Overweight vs Skinny: Lululemon, Abercrombie, Debenhams and the Size Debate
Yoga clothing retailer Lululemon was criticised for discriminating against overweight women; hitting the headlines for all the wrong reasons is not good for business as customers are choosing other retailers in protest.
Abercrombie & Fitch had to rethink its sizing after customers voted with their feet (read our previous post about Abercrombie).
Providing More Choice is Good for Business
Providing clothing for larger customers (without discriminating them for being overweight or obese) is a good business decision – it's about including a variety of people and not excluding them. Critics to this type of decision roll their eyes up saying it gives obese people permission not to do anything about their weight and therefore spinning the obesity epidemic out of control.
Debenhams has introduced size 16 mannequins in their stores so that customers can see what clothes would suit their figure. Considering that the average clothes size for women in the UK is 14-16, seeing clothes on a size 16 mannequin can help sell more items as customers don't feel excluded from wearing something fashionable.
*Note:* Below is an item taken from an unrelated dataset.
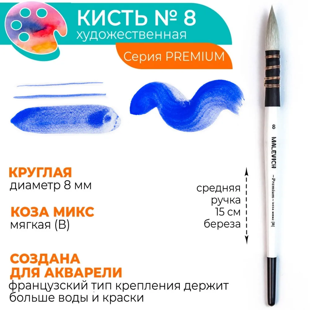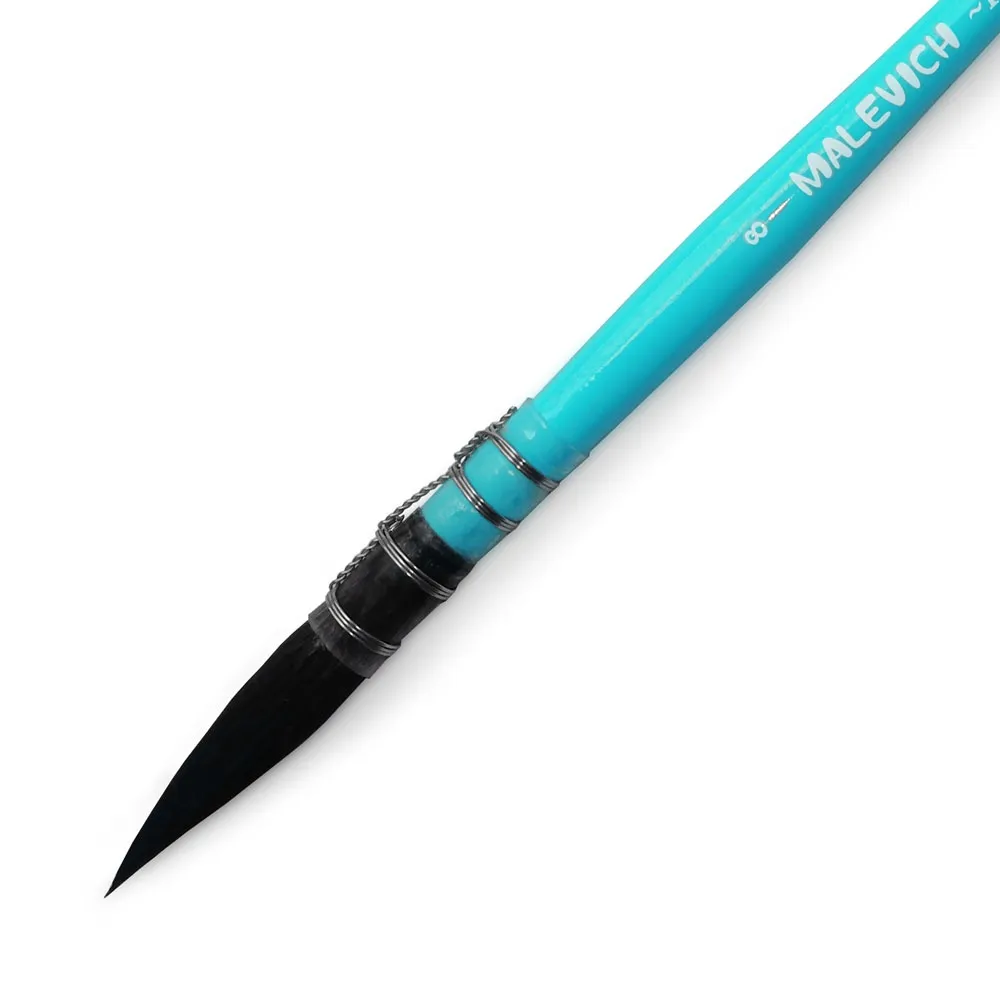 Серия Малевичъ Premium – кисти для профессиональной работы акварелью, каллиграфии и китайской живописи. Микс натурального беличьего ворса и специальной мягкой синтетики позволяет получить управляемую кисть, которая держит много воды и краски. Тонкий кончик позволяет прорабатывать мелкие детали, а большой объем пучка удобен для заливок. Французский тип крепления пучка, ручная скрутка. Лакированная березовая ручка длиной 15 см лазурного цвета.
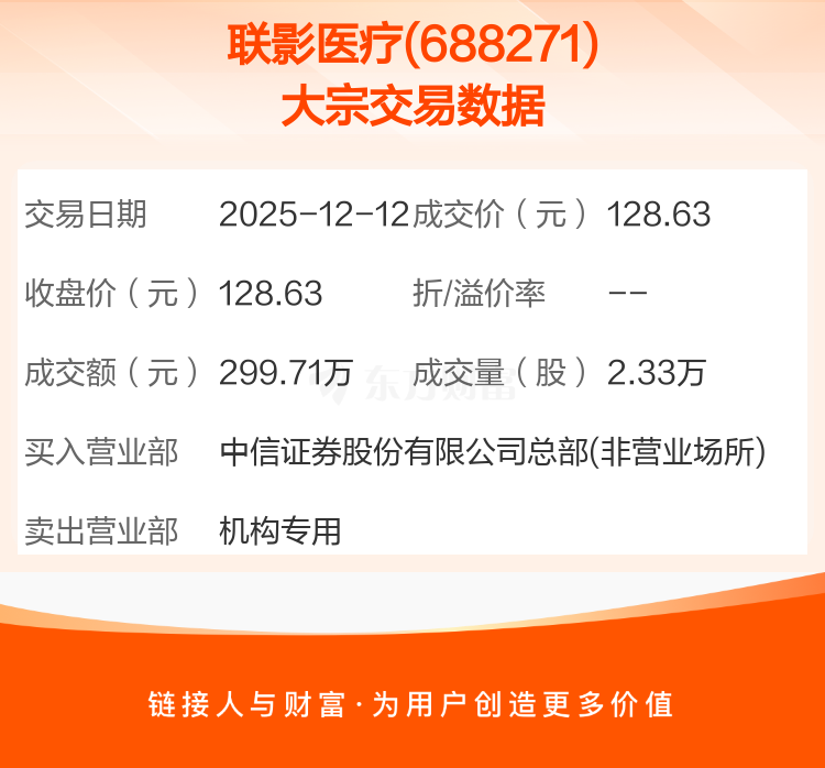 2025年12月12日,联影医疗发生1笔大宗交易,共成交2.33万股,成交金额299.71万元,占其流通市值比例为0.00%。

Overweight women may find shopping for clothes stressful as fashion is so idealised with unrealistic body shapes.
There is also social stigma attached to being overweight, with images of low-income households perpetually obese or overweight versus the aspirational skinny figures of the wealthy. “Aspirational” retailers like Abercrombie made a very clear statement about excluding customers who were not “cool” enough, meaning not young and slim.
What we really need is variety in clothing and change perceptions.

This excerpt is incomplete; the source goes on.